* _Records shown_
• • • • • • •
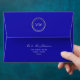 Simple, elegant, luxury, modern silver glitter and royal blue 5x7 envelope with return address and monogram - initials at the top flap.
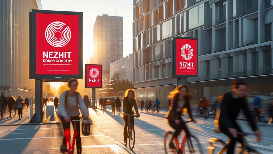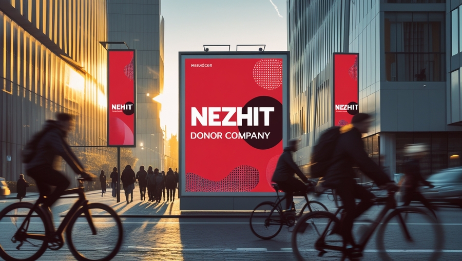 /imagine prompt: create a mockup of a modern artistic poster in a freehand style for the NEZHIT donor company, displayed in an urban European city setting on billboards.
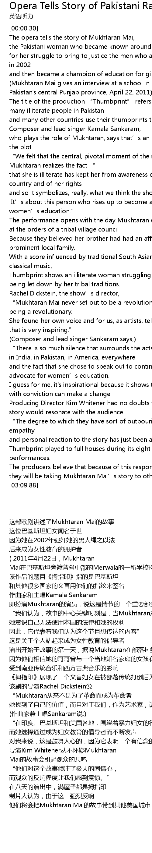 | [00:09.09] | The opera tells the story of Mukhtaran Mai, |
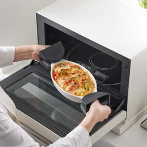 Protect your hands from hot pots and pans with these sleek silicone pot holders. Made of thick, insulating silicone, the pot holders keep your hands safe and provide a firm no-slip grip on high-temperature items. Conveniently store on any magnetic surface such as a range hood, kitchen panel, oven door, or refrigerator door for easy access. Dishwasher safe.
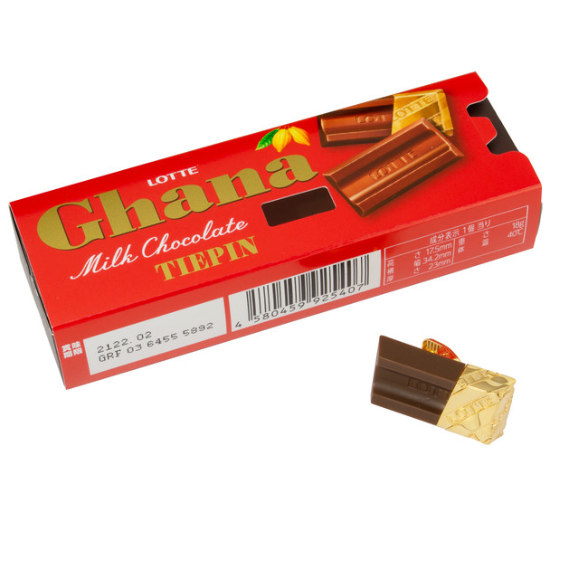 ロッテのロングセラー商品「ガーナ」。ちょっと一息つきたいとき、集中したい作業のお供に。いつも私たちのそばで小さなハッピーを届けてくれる「ガーナ」。そんな「 ガーナ」とgiraffeが出会い、異色のコラボレーションによる限定アイテムができました。赤と黒が目を引くキャッチ―なネクタイと、今にも甘い香りがしてきそうなキュートなタイピン。
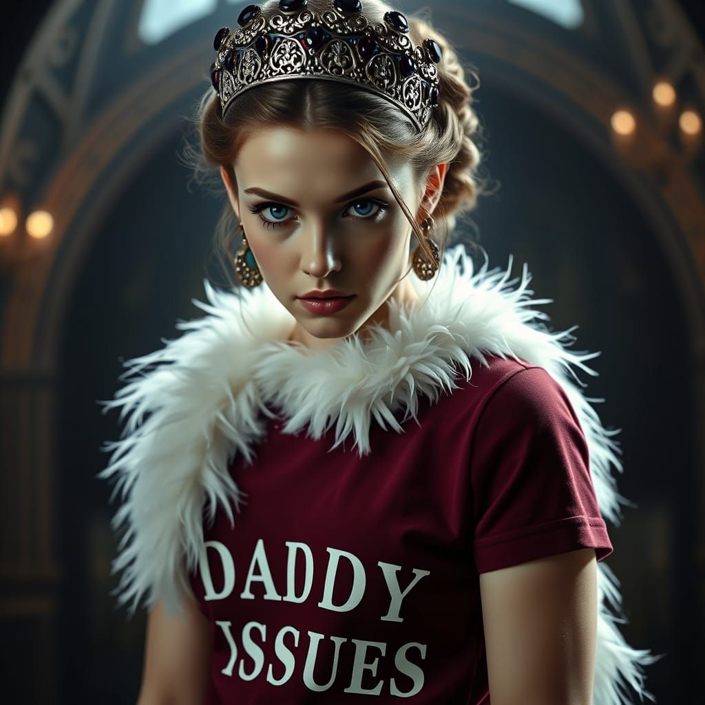 This image shows a rebellious princess with a striking gaze, slouching in a dramatic scene. She wears a burgundy T-shirt with a bold message, an art nouveau tiara, and a white boa, blending elements of gothic elegance and dark romance.
• • • • • • •
* _Task statement_
Your response should reproduce the entire listing verbatim, minus the pictures.

* _Task answer_
 Simple, elegant, luxury, modern silver glitter and royal blue 5x7 envelope with return address and monogram - initials at the top flap.
 /imagine prompt: create a mockup of a modern artistic poster in a freehand style for the NEZHIT donor company, displayed in an urban European city setting on billboards.
 | [00:09.09] | The opera tells the story of Mukhtaran Mai, |
 Protect your hands from hot pots and pans with these sleek silicone pot holders. Made of thick, insulating silicone, the pot holders keep your hands safe and provide a firm no-slip grip on high-temperature items. Conveniently store on any magnetic surface such as a range hood, kitchen panel, oven door, or refrigerator door for easy access. Dishwasher safe.
 ロッテのロングセラー商品「ガーナ」。ちょっと一息つきたいとき、集中したい作業のお供に。いつも私たちのそばで小さなハッピーを届けてくれる「ガーナ」。そんな「 ガーナ」とgiraffeが出会い、異色のコラボレーションによる限定アイテムができました。赤と黒が目を引くキャッチ―なネクタイと、今にも甘い香りがしてきそうなキュートなタイピン。
 This image shows a rebellious princess with a striking gaze, slouching in a dramatic scene. She wears a burgundy T-shirt with a bold message, an art nouveau tiara, and a white boa, blending elements of gothic elegance and dark romance.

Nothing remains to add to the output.